Every year I spend a week writing up county broadband profiles for each county. I take a look at the maps and data provided by the Office of Broadband Development. I track who has received MN Border to Border broadband grants and other funding for broadband and I go through broadband stories from the past year. This post is a warning of sorts that you may be seeing a lot of Tweets or getting a lot of email from me in the next 12 hours as the counties get posted. I tried to time them for off hours – but by tomorrow morning they should all be there. (The links on that page won’t work until the posts have gone live.)
We are on the precipice of some big changes because there is a tremendous opportunity for broadband funding. Each county will receive American Rescue Plan funds and broadband is one eligible investment for that money. A few counties have already committed to spending it on broadband; many have remained quiet and may still be deciding. It turns out that less than 60 percent of townships eligible for ARP funding have applied. It will be interesting to see what happens. There have been other funds that emerged as reaction to the pandemic – CARES and the DEED’s Small Cities Coronavirus Community Development Block Grant Program (CDBG-CV).

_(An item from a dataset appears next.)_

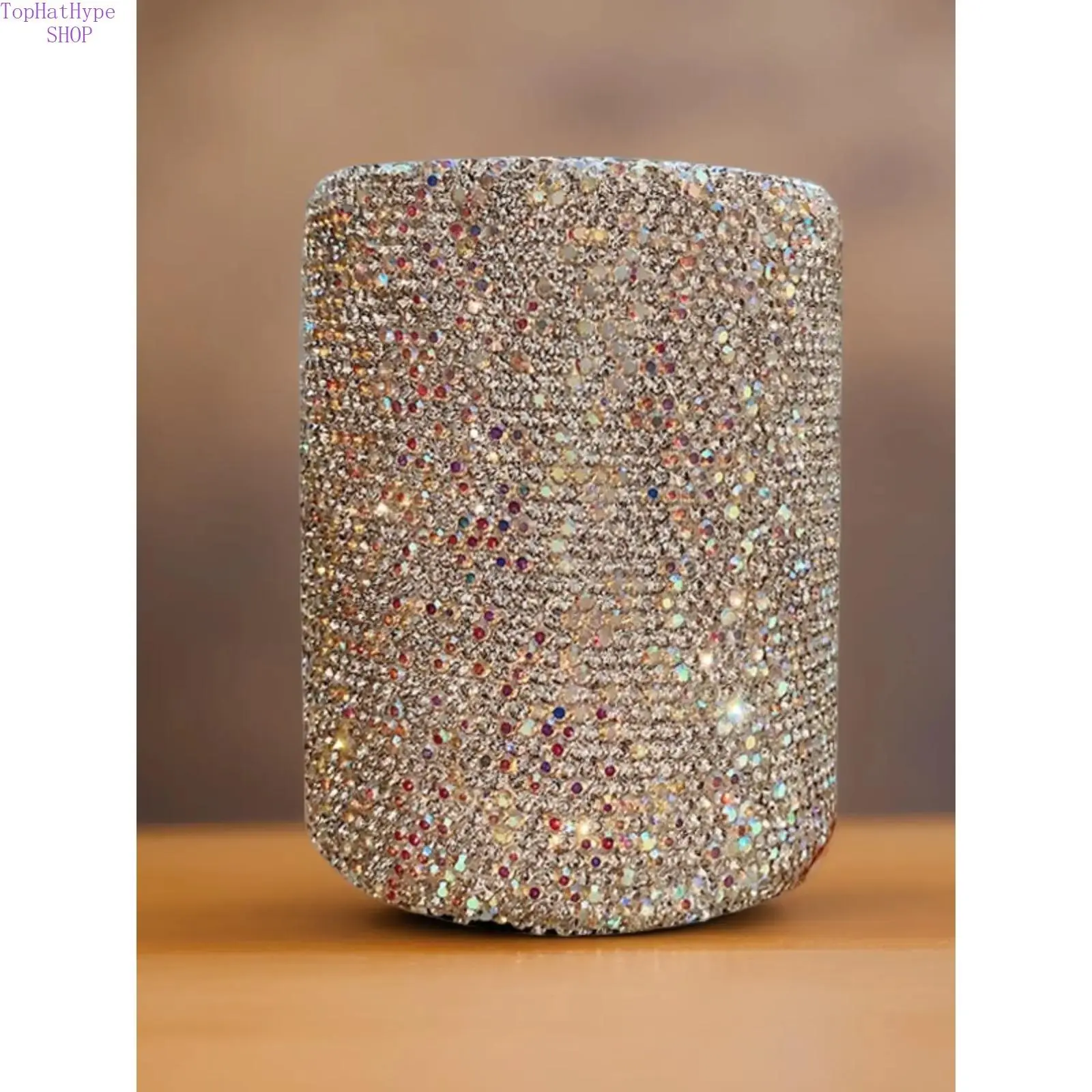 Luxury Round Rhinestone Storage Bucket, Bling Desktop Pen Holder for Office, Exquisite Sparkly Makeup Brush Organizer, Elegant Decorative Desk Accessory for Home, Office and Vanity

There was another opportunity for funding through RDOF money from the FCC. They manage considerable funds and the project funding is set for 10 years. That funding is in a limbo of sorts; there was one provider who was offered the opportunity to apply for funding in MN but many people question whether they can provide the FTTH service as proposed. That grant has left some communities waiting to hear whether the RDOF money will come to them or whether then should make alterative plans.
The pandemic has also exacerbated the demand and use of broadband as people have spent much of 2020 and 2021 working, learning, entertaining and taking care of healthcare online.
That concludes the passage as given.